Health care providers partner to enhance healing after leaving the hospital
SARANAC LAKE - Adirondack Health and High Peaks Hospice & Palliative Care have teamed up to help Medicare patients continue the healing process after they leave the hospital to lower the potential they are unnecessarily re-admitted.
Adirondack Medical Center, a member of Adirondack Health, and High Peaks Hospice are part of the North Eastern New York Community-based Care Transitions Program (CCTP), a consortium of 16 upstate New York hospitals and health-care organizations that serve people in ten counties. In the Tri-Lakes region, the collaboration between AMC and High Peaks Hospice is known as the Adirondack Care Transition Program.
"We are very excited to be partnering with High Peaks Hospice on this initiative," said Margaret Sorensen, Chief Nursing Officer for Adirondack Health. "The Adirondack Care Transition Program is an extension of our commitment to top-quality patient-centered care, with a special concern for the health needs of the elderly."
How the initiative works
People who are enrolled in a traditional Medicare fee-for-service, and are at particular risk of health concerns after being discharged, are eligible to join the care program. There is no charge to participate as the cost of the program will be paid by Medicare and participating health-care organizations.

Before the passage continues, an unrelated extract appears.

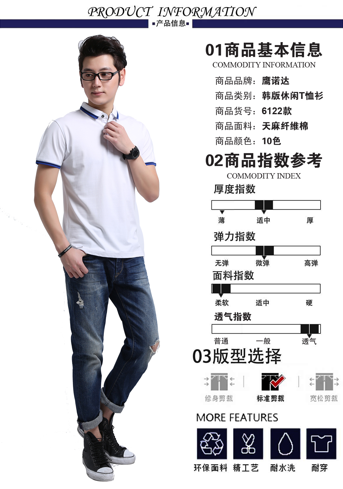 - 游客于 2017-08-01 10:41:32 发表苏州鹰诺服装:天麻纤维棉Polo衫ID6122-9
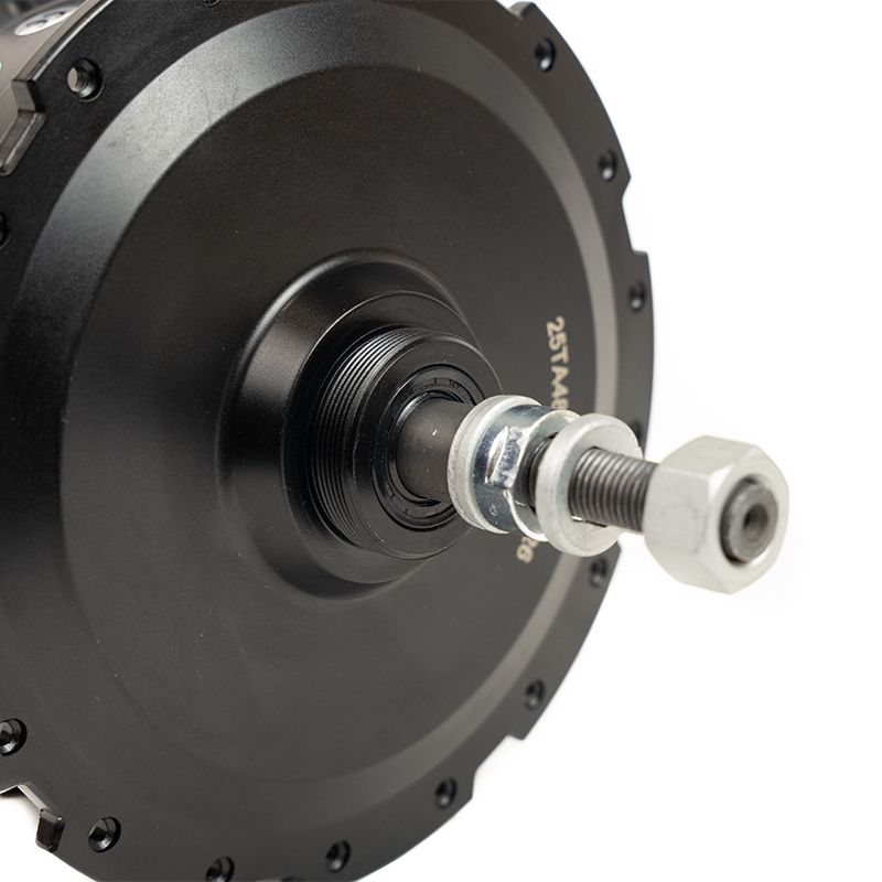 Ce moteur peut être commandé seul ou rayonné sur des jantes larges 65mm, 80mm ou 100mm en double paroi 20’’, 24’’ ou 26’’.

Patients who choose to participate will meet with Registered Nurse Aimee Savarie prior to going home and develop a care plan to achieve a personal goal previously out of reach due to the patient's health condition. A goal can be attending a grandchild's soccer game or enjoying a picnic with friends. The patient will identify steps to achieve his or her personal goal, and to recognize red flags that may slow recovery.

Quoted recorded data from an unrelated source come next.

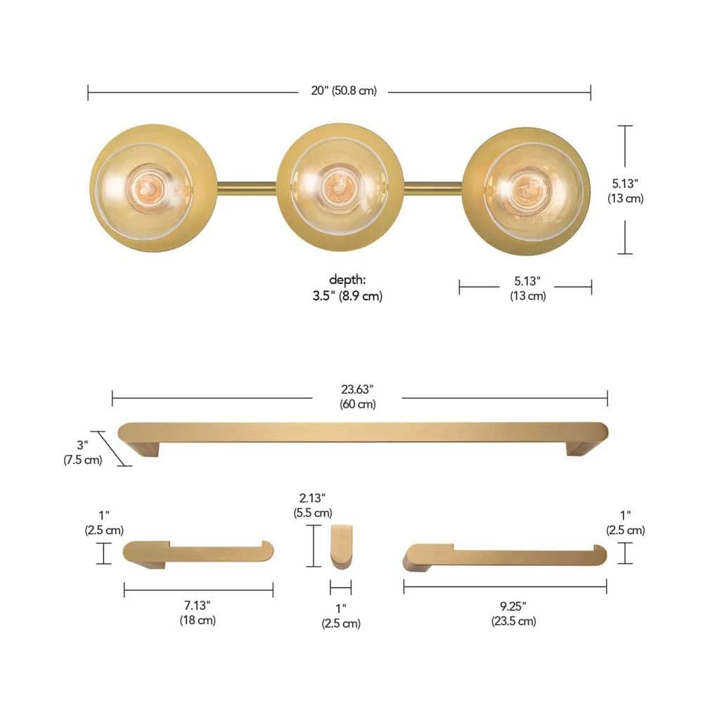 - All-In-One update your bathroom easily with a matching 3-light vanity fixture, towel bar, toilet paper holder, towel ring and robe hook with a matte brass finish and a truly vintage appeal
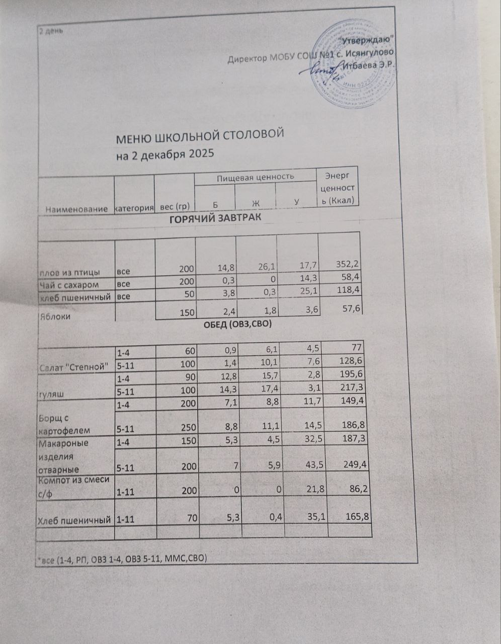 (меню на 2.12.2025)
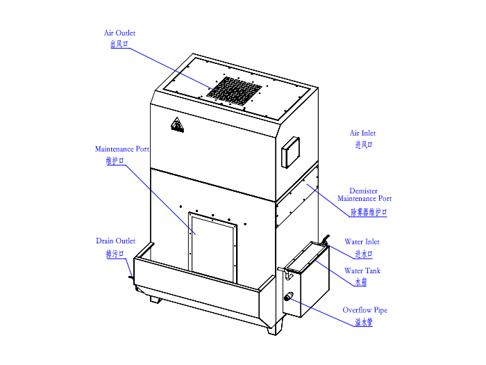 ภายใต้ความดันลบที่สร้างขึ้นโดยพัดลม ก๊าซที่มีฝุ่นเข้าสู่โมดูลการกรองน้ำ และสัมผัสใกล้ชิดกับของเหลว (โดยทั่วไปคือน้ำ) ผ่านการกระแทกเชื่อถือระหว่างหยดน้ำและอนุภาคฝุ่นและกลไกการเก็บรวบรวมอื่น ๆ อุปกรณ์จับอนุภาคของเหลวหรือของแข็งที่มีเส้นผ่าศูนย์กลางใน3-30 ไมโครมช่วงและยังกำจัดสารมลพิษก๊าซบางอย่าง น้ำถูกดึงขึ้นโดยการไหลของก๊าซ ร่วมกับหน่วย deflector และ demisting การแยกก๊าซ-ของเหลวเกิดขึ้นและของเหลวกลับไปยังถังบรรลุการหมุนเวียนน้ำฟรีปั๊มระบบบรรลุประสิทธิภาพในการทำความสะอาดของ ≥90% สำหรับอนุภาคขนาดใหญ่กว่า 10 μm.
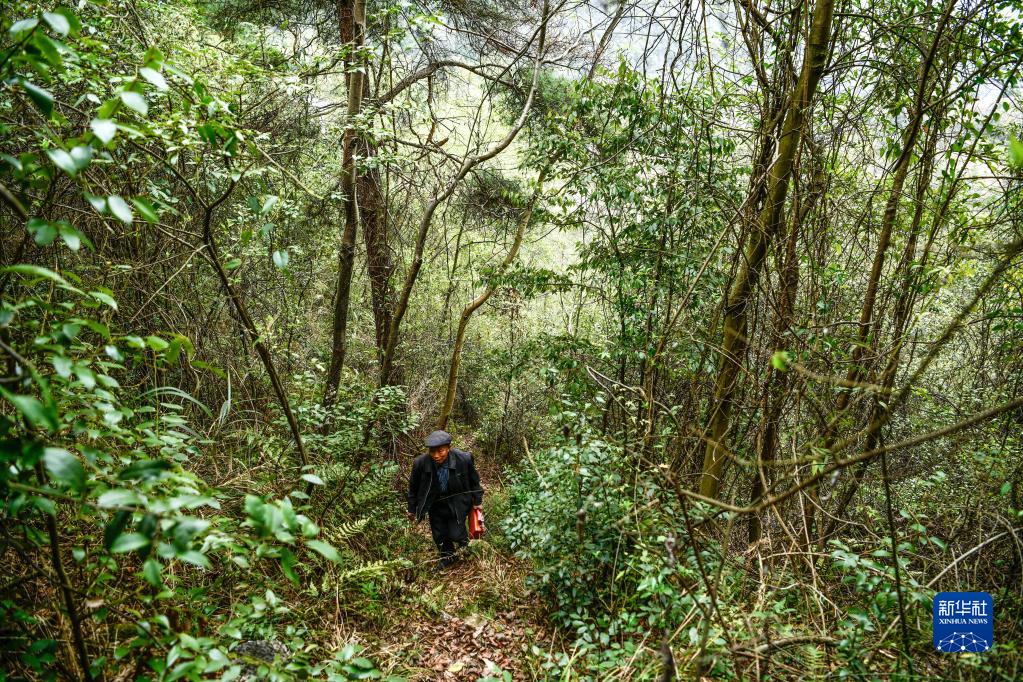 管水員陳光明前往貴定縣盤江鎮馬場河村管護水源途中(3月23日攝)。

Once the patient is back at home, Registered Nurse Tracy Posdzich from High Peaks Hospice and Palliative Care will serve as 'health coach' and provide support through regular visits or answering questions by telephone.

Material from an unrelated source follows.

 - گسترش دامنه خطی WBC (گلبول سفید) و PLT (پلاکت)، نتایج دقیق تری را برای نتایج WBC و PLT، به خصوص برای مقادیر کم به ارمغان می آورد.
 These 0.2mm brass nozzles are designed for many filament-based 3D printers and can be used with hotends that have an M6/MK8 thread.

The program will operate locally for two years during which the Centers for Medicare & Medicaid Services will determine if it meets the goals of keeping people healthy and reducing preventable hospital re-admissions. Participation in CCTP may be extended on an annual basis for the remaining three years of the program if performance targets are met.
The CCTP is an initiative of the Partnership for Patients, a nationwide public-private partnership launched in April 2011. The goals of the partnership:
- Aim to cut preventable errors in hospitals by 40 percent
- Reduce preventable hospital re-admissions by 20 percent over a three-year period.
The goals of CCTP are:
- Reduce hospital re-admissions
- Test sustainable funding streams for care transition services
- Maintain or improve quality of care
- Document measureable savings to the Medicare program
The ten-county region covers Clinton, Essex, Franklin, Fulton, Hamilton, Montgomery, Saratoga, Schenectady, Warren and Washington counties. There are over 100,000 traditional Medicare beneficiaries in the region, and about 25,000 of them are hospitalized over the course of a year. Of these, about 5,500 are expected to participate in the CCTP.
The lead agency for the regional consortium is the Visiting Nurse Service of Schenectady and Saratoga Counties, Inc. Other participating organizations are: Alice Hyde Medical Center, CVPH Medical Center, Elizabethtown Community Hospital, Ellis Medicine, Glens Falls Hospital, Inter-Lakes Health, Nathan Littauer Hospital, St. Mary??s Healthcare (Amsterdam), Saratoga Hospital, Adirondack Health Institute, Community Health Center, High Peaks Hospice, Hudson Headwaters Health Network, Saratoga County Office for the Aging, and Washington County CARES.